Assume a situation like this:
Server 1 - FreeBSD, Apache -- serves all web traffic
Server 2 - FreeBSD, Apache -- just sits there idling
Is that an easy way to set things up so that if Server 1 fails, traffic is automatically routed to Server 2 instead?
A quick brain-storm about it makes me think there must be some sort of trivial firewall or hardware appliance I can set up in front of both boxes that would do a:
- Receive request on port XXX
- Try to forward request to Server 1
- If SUCCESS Return response
- Otherwise try to forward request to Server 2, return response
Additional question: I'm familiar with pfSense... can this be done in pfSense?
-
you can get a barracuda load balancer or setup load balancing on your firewall.
: OK, to clarify though - I *do not* want to load-balance here. I want to only have anything hit Server 2 *if Server 1 has failed*. Is your answer still applicable?From Rob -
You have a few options:
Establish a "floating" ip address and a mechanism for moving it from one host to another in the event of a failure. This sort of feature is provided by "high availbility" solutions such as the Linux HA project and Pacemaker.
This solution requires no extra hardware.

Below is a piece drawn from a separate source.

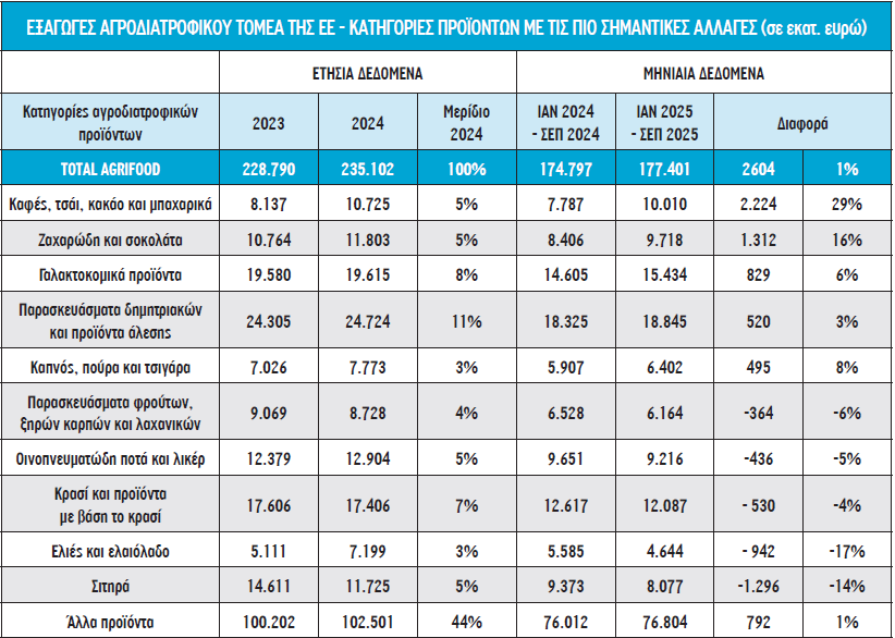 Οι εξαγωγές ζαχαρωδών και σοκολάτας αυξήθηκαν κατά 1,3 δισ. ευρώ (+16%), λόγω ανόδου 27% στις τιμές σοκολάτας, ενώ οι εξαγωγές γαλακτοκομικών αυξήθηκαν κατά 829 εκατ. ευρώ (+6%), κυρίως λόγω υψηλότερων τιμών σε τυρί και βούτυρο. Αντίθετα, οι εξαγωγές δημητριακών μειώθηκαν κατά 1,3 δισ. ευρώ (-14%), με μείωση των όγκων σιταριού (-19%) και καλαμποκιού (-25%), αν και οι όγκοι έχουν ανακάμψει από τον Αύγουστο πάνω από τα επίπεδα του 2024.

Put a load-balancing proxy in front of the two servers. This is a system that accepts connections from clients and then passes them on to the backend server. Typically, a proxy can be configured to either balance the load between the two or two treat one as a failover target (to be used only if the primary system fails). You have lots of options in this category:
- Apache includes a load balancer; see the mod_proxy_balancer documentation.

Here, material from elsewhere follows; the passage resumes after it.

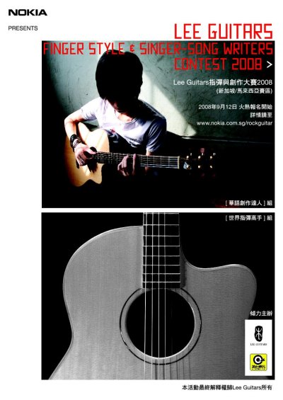 正如將於11月29日在新加坡室內體育館舉行的 [Lee Guitars All Star 新加坡演唱會] slogan所說:"一切都從吉他開始"。無法想象,如果在張震岳十七歲的那個下午,他沒有第一次拿起吉他;如果李宗盛的青澀年少,沒有第一次嘗試用簡單的四個和弦寫下一段旋律,他們的未來會是怎樣? 希望藉此鼓勵對吉他有濃厚興趣的朋友,拿起吉他, 創造未來! 本次比賽分為新馬、香港、台灣及中國內地四個賽區,比賽設"世界指彈高手"及"華語創作達人"兩個組別, 均以acoustic guitar(鋼線)呈現,以甄選指彈吉他演奏高手及華語創作型音樂人。所有參賽作品都必須是原創作品。首站新馬賽區之參賽者必須經過層層選拔、過關斬將, 每一組別最終在11月27號決賽日將產生各2名優勝者,所有4位優勝者將代表新馬賽區參加2009年北京的總決賽,往北京差旅費並由贊助商負責! 除了2009年北京總決賽外, 新馬賽區的4位優勝者也將可以於11月29日[Lee Guitars All Star 新加坡演唱會] 當天與品牌旗下的幾位重量級代言人周華健、五月天、蔡健雅、張震嶽及李宗盛同台獻唱,公開展示指彈炫技及秀出創作天賦。相信他們的精彩表現必將隨著比賽的火熱展開而成為萬眾矚目的新焦點!也相信Lee Guitars弘揚并推廣指彈藝術,發掘與鼓勵華語原創力量的真摯情懷必將給所有觀眾留下深切的感動! 別再遲疑, 馬上抓著這難得的機會, 在初選截止日 9月30日前到官方網站www.nokia.com.sg/rockguitar, 參閱相關參賽詳情, 並將作品upload上去, 爭取到北京參賽的榮耀, 並有機會贏得價值不斐的紀念版手製吉他, 也可能獲得李宗盛大師的一紙代言或簽約藝人合約, 與五月天等共同代言Lee Guitars! 更新时间: 2008年9月17日 10:34:49 AM

- Pound is a simply-to-configure and flexible HTTP/HTTPS proxy.
- Balance is a simple TCP proxy (which means it will work for protocols other than HTTP).
And there are many, many others. In general, most software that can act as a reverse HTTP proxy (Squid, nginx, varnish, etc) can do this sort active/passive web cluster.

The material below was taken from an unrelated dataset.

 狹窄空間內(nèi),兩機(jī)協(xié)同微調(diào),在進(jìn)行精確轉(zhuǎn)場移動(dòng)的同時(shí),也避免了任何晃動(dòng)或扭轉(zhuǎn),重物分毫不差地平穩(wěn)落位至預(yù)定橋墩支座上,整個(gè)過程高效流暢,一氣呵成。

The Linux Virtual Server Project provides a kernel-level load balancing solution.
You asked specifically about pfSense. From the pfSense web site:
Limitations
- Equally distributes load between all available servers - unable to unequally distribute load between servers at this time.
- Only checks if the server responds to pings or TCP port connections. Cannot check if the server is returning valid content.
So unless the docs are out of date pfSense will not do what you want.
From larsks -
If you dont want to invest any extra cash in this project, Linux HA would be an excellent fit. It works the best as it doesn't require you to build out extensive and expensive extra infrastructure(like a separate DB cluster)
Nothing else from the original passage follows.